A falta de referências femininas é um ponto observado pelos pesquisadores para distanciar as garotas do universo dos números e tubos de ensaio. Na história, a primeira mulher a se destacar nas ciências e a receber o Prêmio Nobel nas áreas de Física (1903) e Química (1911) e também a receber a dupla premiação foi Marie Curie (1867 – 1934). Só outras três mulheres conquistaram a façanha na área de física e outras cinco na área de química ao longo de 120 anos de premiação.

Em 2019, pela primeira vez o Prêmio Abel, considerado o "Nobel" da Matemática, teve uma vencedora: Karen Keskulla Uhlenbeck. A americana de 76 anos recebeu a premiação das mãos do Rei Harald V da Noruega pelas "conquistas pioneiras sobre equações diferenciais parciais geométricas". Ou seja, pelas pesquisas de destaque na área de geometria.  

Karen Keskulla Uhlenbeck primeira mulher a levar o prêmio Abel (Institute for Advanced Study/Divulgação)

Karen Keskulla Uhlenbeck primeira mulher a levar o prêmio Abel

Institute for Advanced Study/Divulgação

Professora da Universidade do Texas em Austin (EUA), Karen é uma das fundadoras da análise geométrica moderna e conduziu alguns dos avanços "mais espetaculares" nesse campo nos últimos 40 anos, revolucionando a forma de entender esse estudo.

Vem também da Universidade do Texas, mas com gostinho de Brasil, outra boa notícia para a ciência feita por mulheres.
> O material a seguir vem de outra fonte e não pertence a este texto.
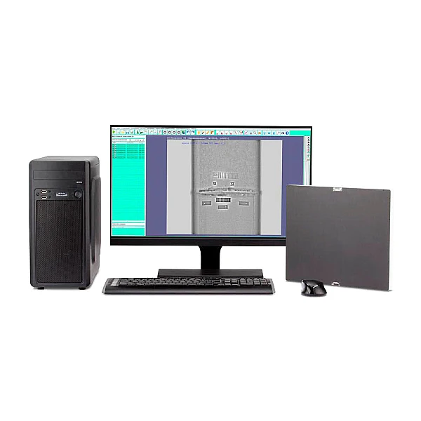 Корпус детектирующего блока выполнен из металла или прочного пластика и имеет карбоновое покрытие рабочей области. Питание панели предусмотрено от сети переменного тока, связь с компьютером осуществляется двумя UTP кабелями, которые обеспечивают высокую скорость передачи данных. Для преобразования рентгеновского излучения в аналоговый световой сигнал используются сцинтилляторы на основе оксисульфида гадолиния (Gadоx) или на основе соединения йодида цезия (CsI). Дальнейшее преобразование света в электроны производится матрицей, состоящей из полупроводникового материала – аморфного кремния (a-Si), и тонкоплёночных транзисторов (TFT), представляющих из себя полупроводниковые элементы, передающие электрический заряд на аналого-цифровой преобразователь. АЦП проводит измерение тока, полученного с транзистора, преобразовывая электрический сигнал в цифровой для последующей передачи информации на персональный компьютер оператора, разрядность аналого-цифрового преобразователя позволяет получать высококачественное изображение в диапазоне до 65 536 оттенков серого. Далее, с помощью специализированного программного обеспечения Стражник формируется файл защищенного расширения DICONDE, доступного для последующей обработки и анализа.

A paulista Livia Schiavinato Eberlin tem se destacado no cenário científico internacional depois que desenvolveu uma espécie de caneta capaz de detectar o câncer em células durante cirurgias oncológicas.

Livia Eberlin utiliza sua caneta MacSpec Pen desenvolvida por ela (Fundação MacArthur/Divulgação)

Livia Eberlin utiliza sua caneta MacSpec Pen desenvolvida por ela

Fundação MacArthur/Divulgação

Filha de químico, Livia só descobriu sua paixão quando uma professora do ensino médio despertou seu gosto pelas pesquisas em laboratório. “A professora Miriam me ensinou a gostar de química e a pesquisar”, conta. A campinense ingressou no curso de Química na Unicamp (Universidade de Campinas), “por ter mais opções para escolher a área de atuação no futuro."

Livia e a "bolsa dos gênios"

Logo nos primeiros semestres da graduação, Livia conseguiu uma bolsa de iniciação científica do CNPq (Conselho Nacional de Desenvolvimento Científico e Tecnológico) para pesquisar massas, a sementinha do que seria aprimorado no futuro. “Sempre fui muito curiosa e consegui fazer um estágio no exterior, nos Estados Unidos, também em pesquisa. ”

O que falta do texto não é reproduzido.